== EXERCISE INSTRUCTIONS ==
Could you copy exactly the lines below, beginning at the line with "Feel limitless in" and stopping after the line with "Im Tal halten", with no pictures?

-----

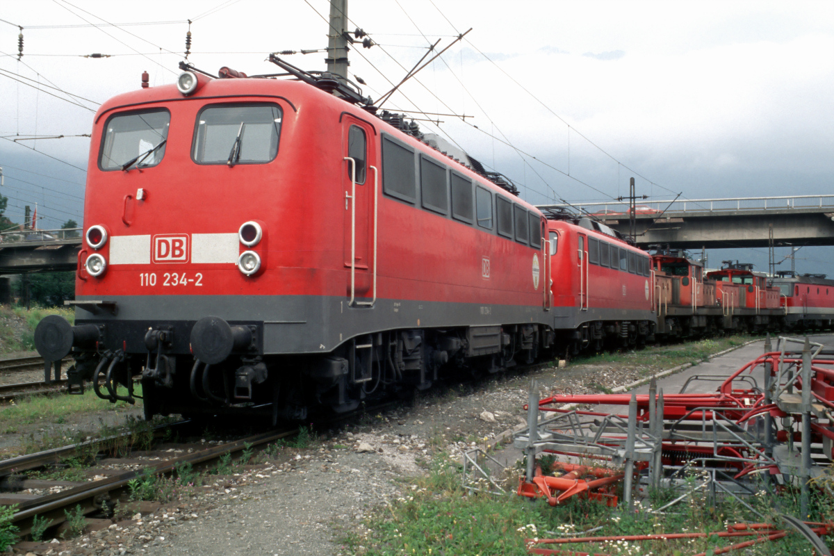 | "Fünfe auf einen Streich": 110 234 vor einer weiteren 110er, zwei Loks der ÖBB-BR 1063 und einer ÖBB 1044 am 22.09.2001 in der Zfl. Innsbruck. | |
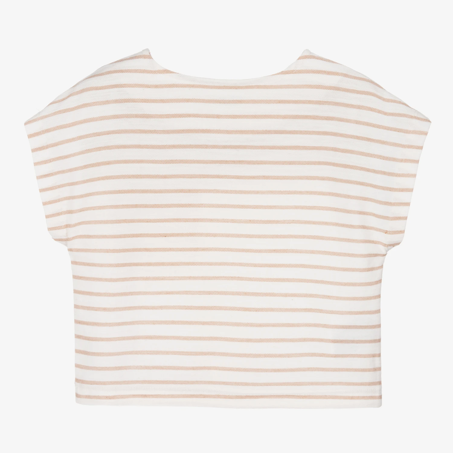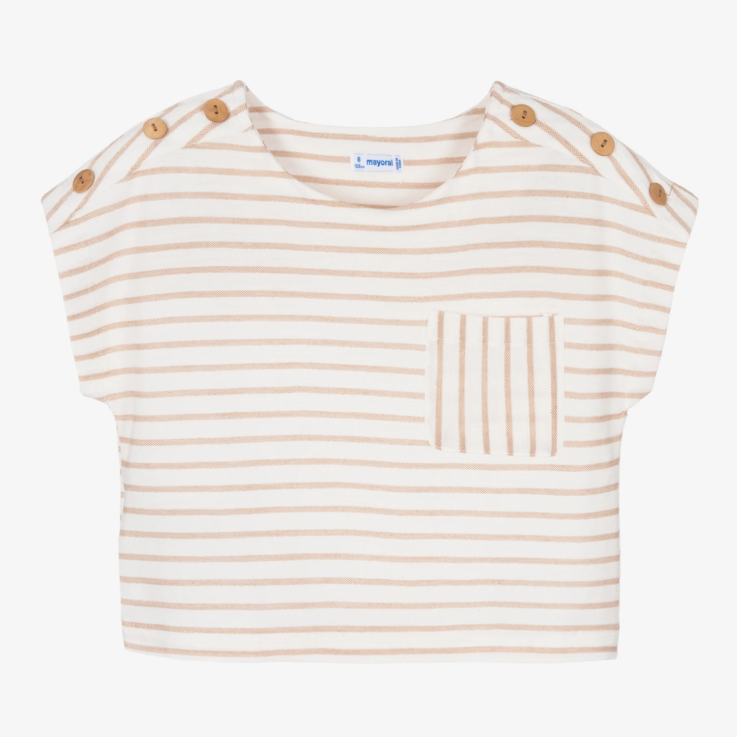 Ivory and beige striped T-shirt for girls by Mayoral, made in soft and lightweight cotton jersey. Cool and comfortable, this stylish boxy fit top has wooden button trims on the shoulders and a patch pocket on the front.
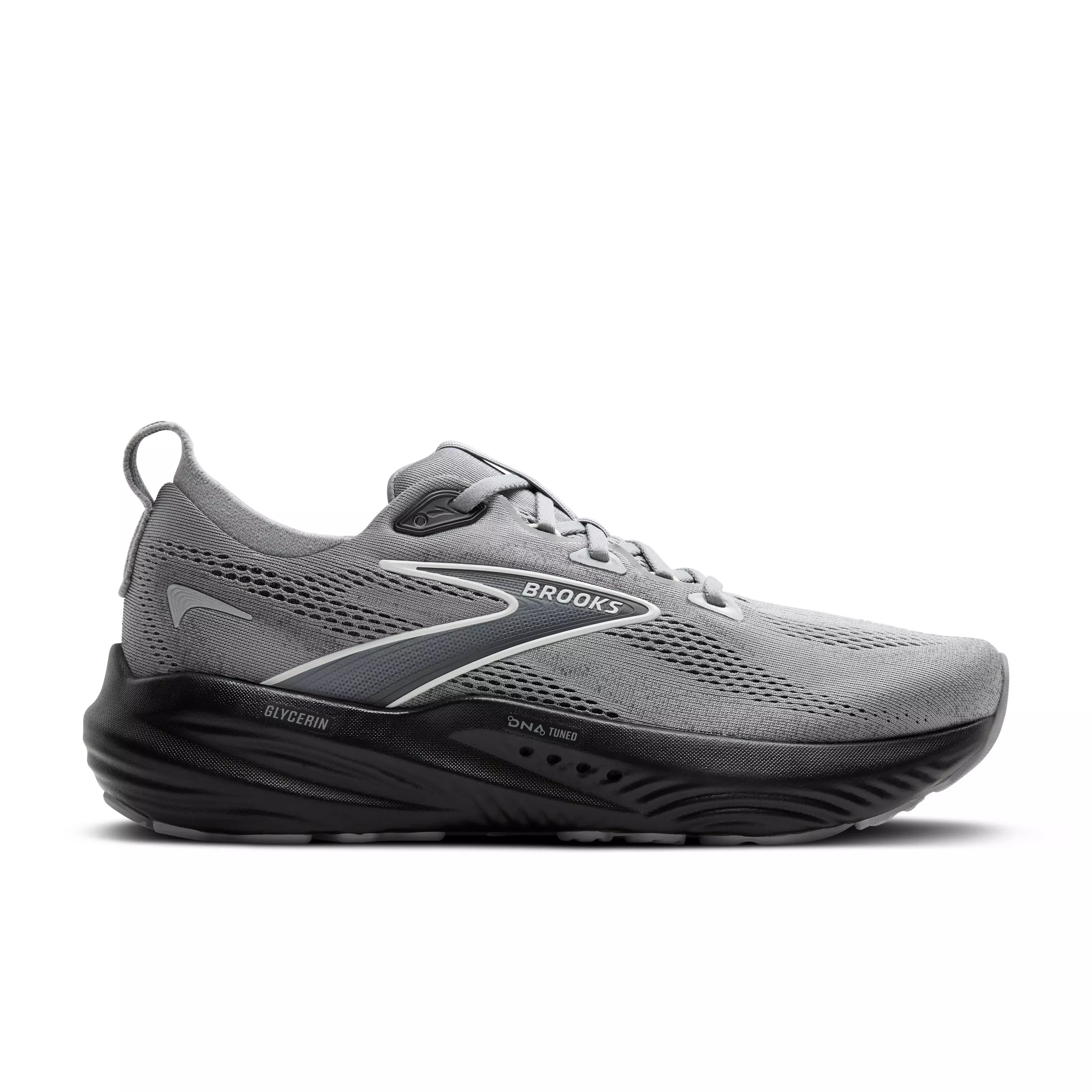 Feel limitless in this super-soft Brooks Glycerin 22 "Primer Grey/Ebony/Bluewash" Men's Wide Running Shoe. The midsole is made from DNA Tuned, innovative nitrogen-infused cushioning. The heel contains large cells for plush landings while the forefoot has small cells for energizing toe-offs.Features
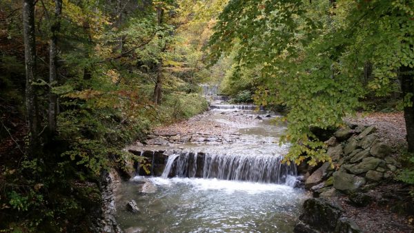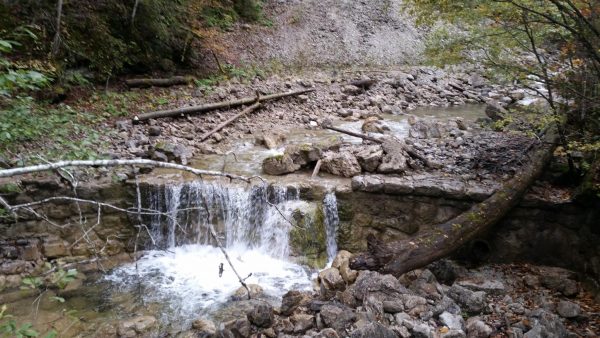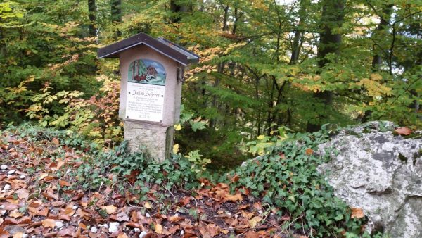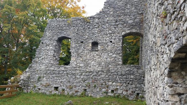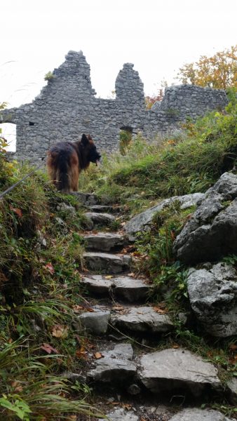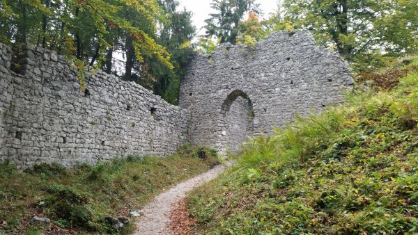 Im Tal halten wir uns rechts und stoßen wieder auf den Lahnenwiesgraben, den wir mittels Brücke überqueren. Nächste Station: Die Ruine der Burg Werdenfels. Dafür geht es wieder bergan. Ei schmaler Pfad zweigt links zu unserem Ziel ab und führt über Wurzeln und Treppen zur Ruine.
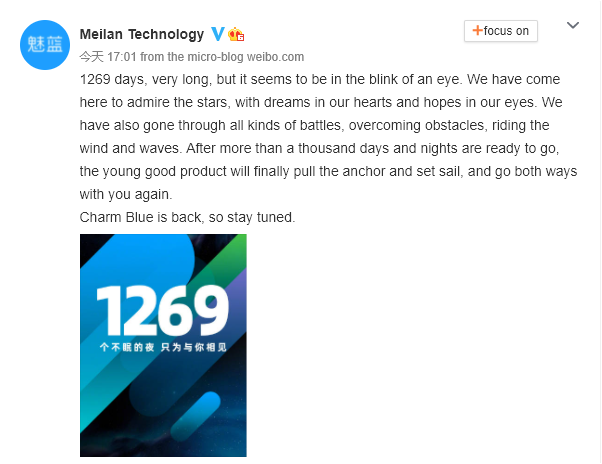 In a Weibo post, Meizu Charm Blue officially announced the return of the brand after being off-air for 1269 days. Going by this, it means the brand halted product releases in March 2018, about four years after the product line opened. Meizu introduced the Charm Blue product line in December 2014.
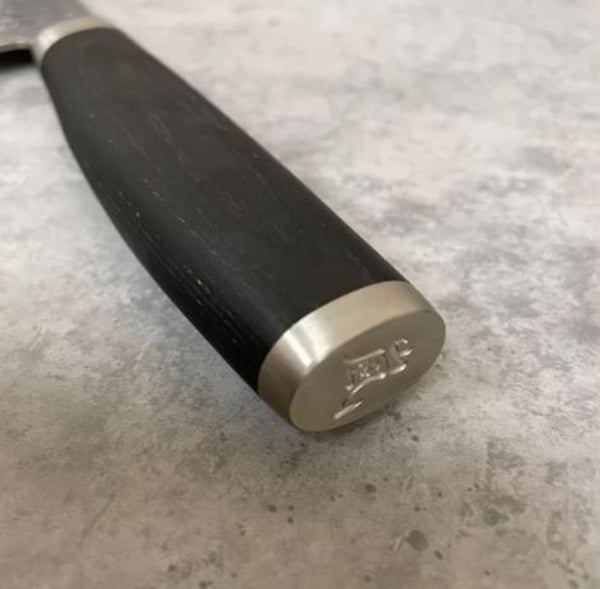 • В основе ножа высококачественная 3-слойная нержавеющая сталь VG10 с волнистым узором KATANA, четко вырисовывается на лезвии.
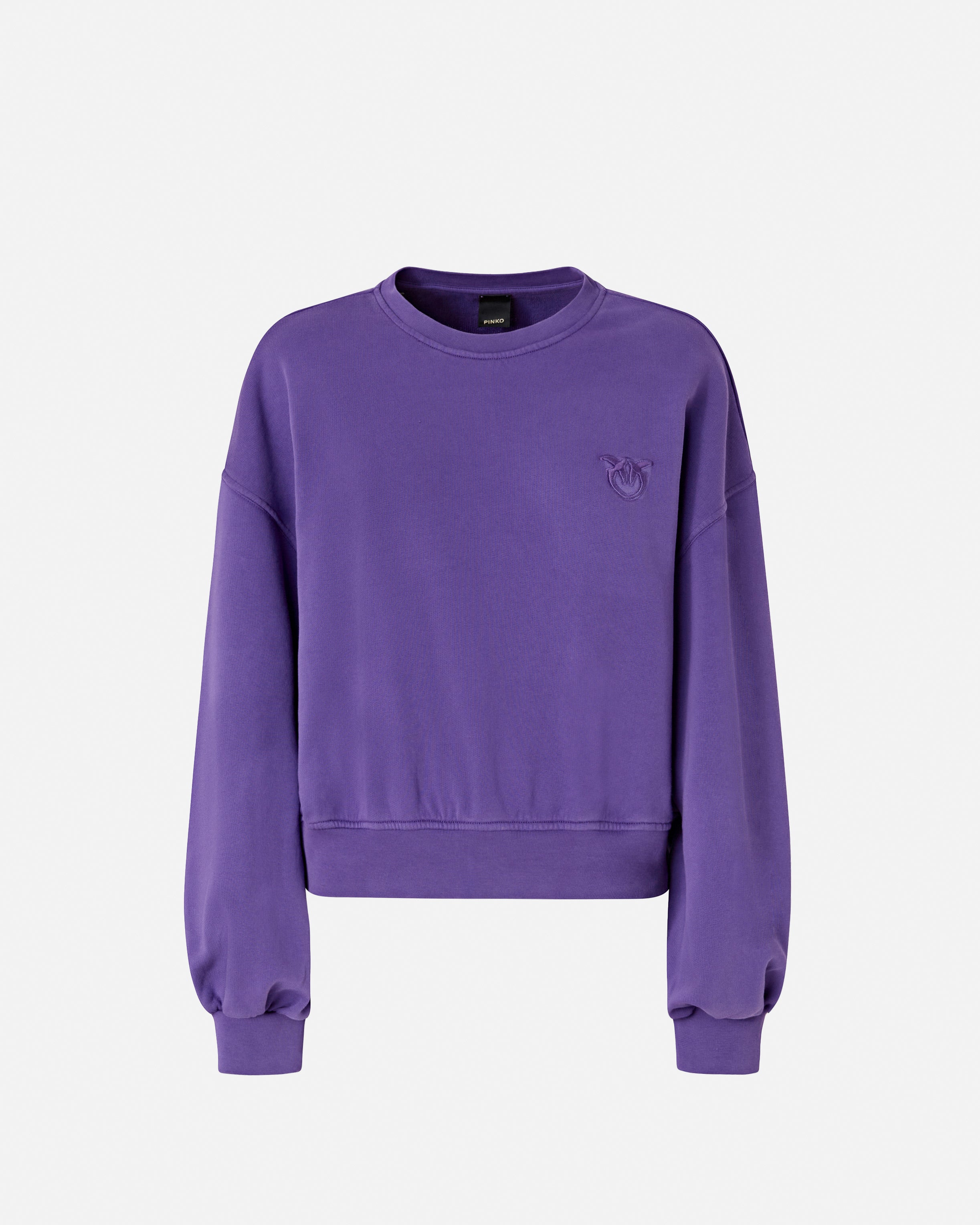 Sudadera de corte holgado en algodón teñido con efecto envejecido. El logotipo Love Birds bordado en la parte delantera izquierda, personaliza la prenda al más puro estilo PINKO. Combina el pantalón en el mismo tejido para conseguir un total look cómodo y original con el que disfrutar de tus momentos de ocio.
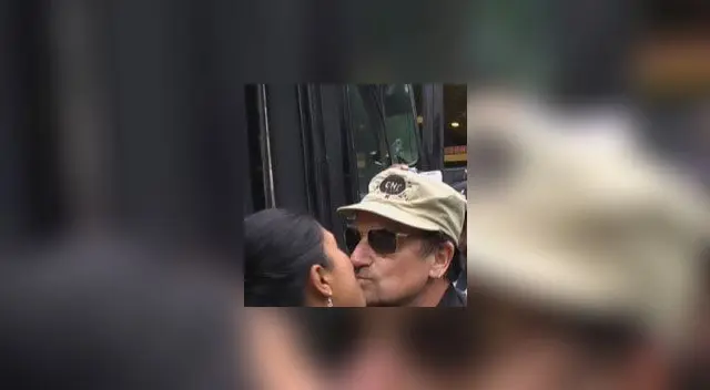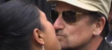 El vocalista de U2 se mostró muy cordial con todas las personas que lo atendieron a su paso por Machu Picchu, pero cuando estuvo a punto de subir al bus que lo llevaría a su hotel no dudó en darle un beso a la guapa trabajadora de la empresa de transporte Conssetur, quien inmediatamente accedió a tal cortesía.
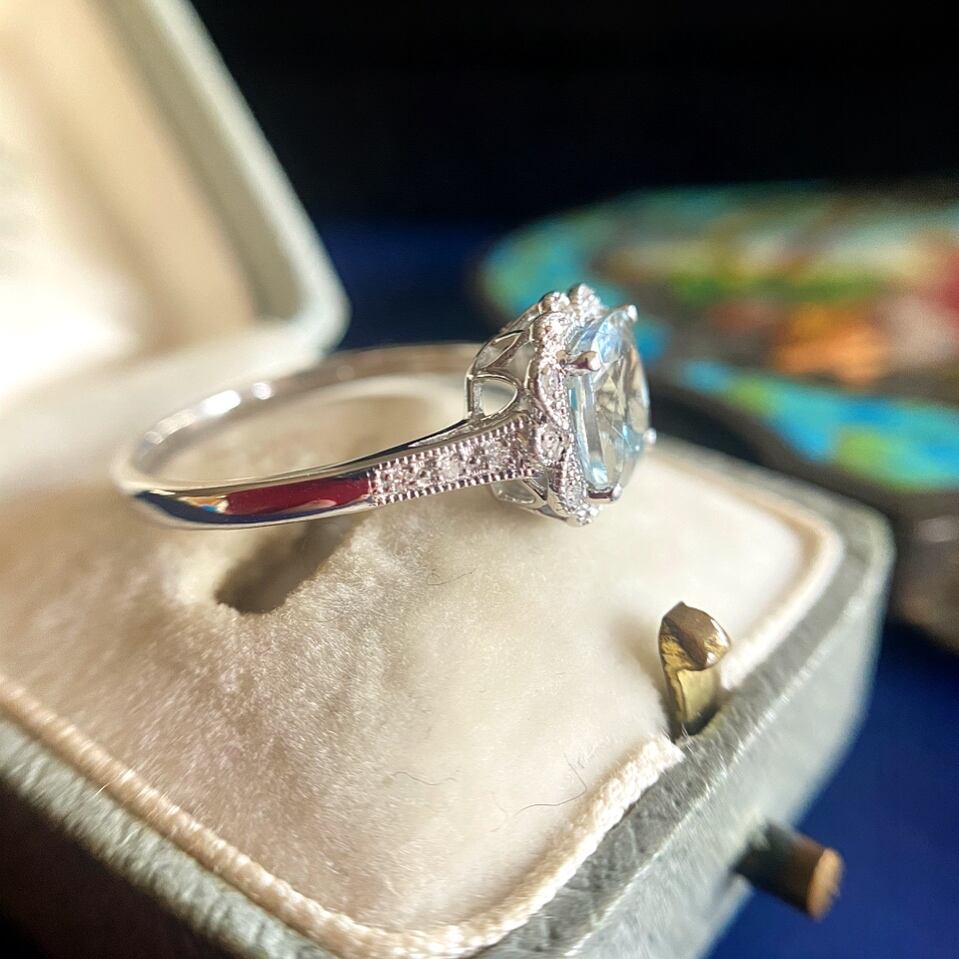 その昔、アクアマリンを海に投げると荒れた海が鎮まると言う言い伝えがあったように、こちらのリングをただただ見ているだけでも穏やかな気持ちになるので不思議ですね。
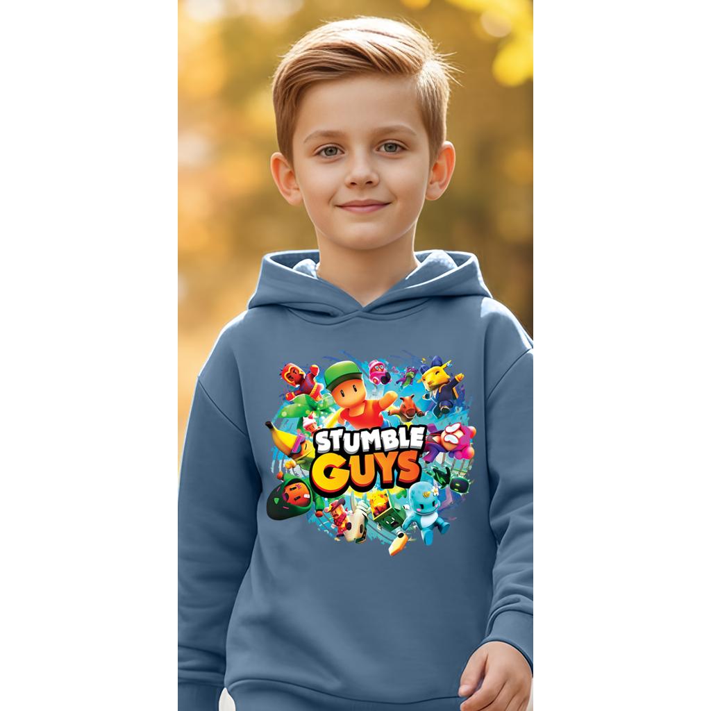 Време е за забавление и игри! Този суичър с качулка в наситен син цвят е задължителен за всеки фен на хитовата игра Stumble Guys! Перфектната дреха, с която детето ви ще се чувства комфортно и модерно, докато е в играта или навън.
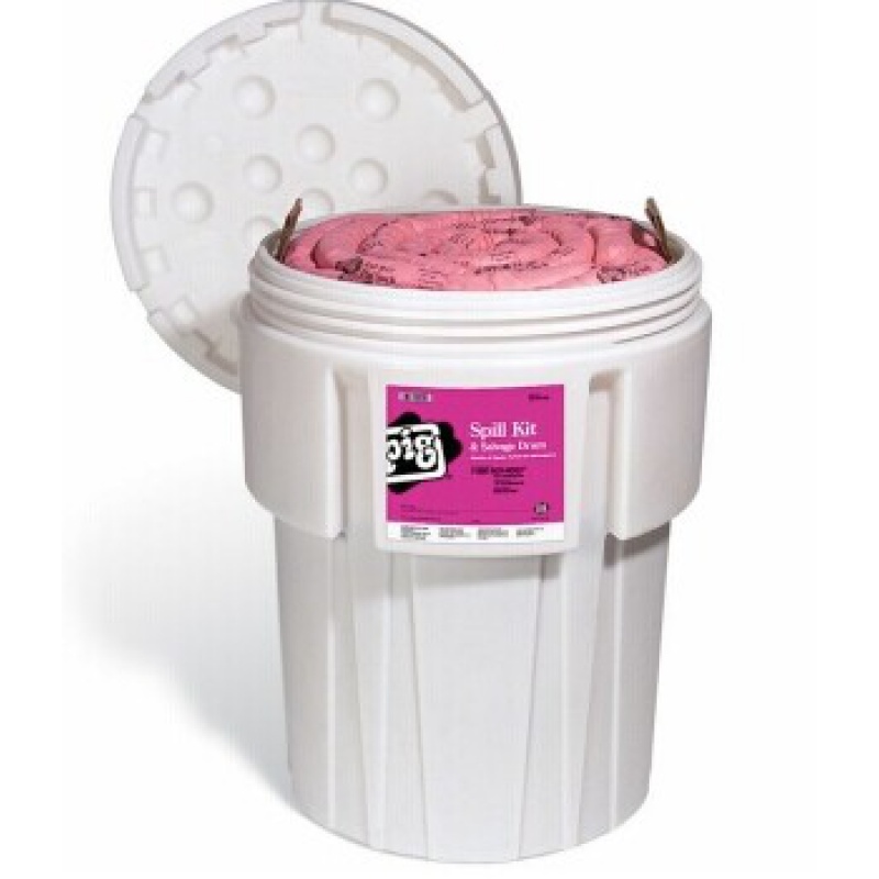 用PIG® 防化学防溢组件吸收酸和碱——评价高的泄漏应急套桶

-----

== WRITTEN ANSWER ==
 Feel limitless in this super-soft Brooks Glycerin 22 "Primer Grey/Ebony/Bluewash" Men's Wide Running Shoe. The midsole is made from DNA Tuned, innovative nitrogen-infused cushioning. The heel contains large cells for plush landings while the forefoot has small cells for energizing toe-offs.Features
 Im Tal halten wir uns rechts und stoßen wieder auf den Lahnenwiesgraben, den wir mittels Brücke überqueren. Nächste Station: Die Ruine der Burg Werdenfels. Dafür geht es wieder bergan. Ei schmaler Pfad zweigt links zu unserem Ziel ab und führt über Wurzeln und Treppen zur Ruine.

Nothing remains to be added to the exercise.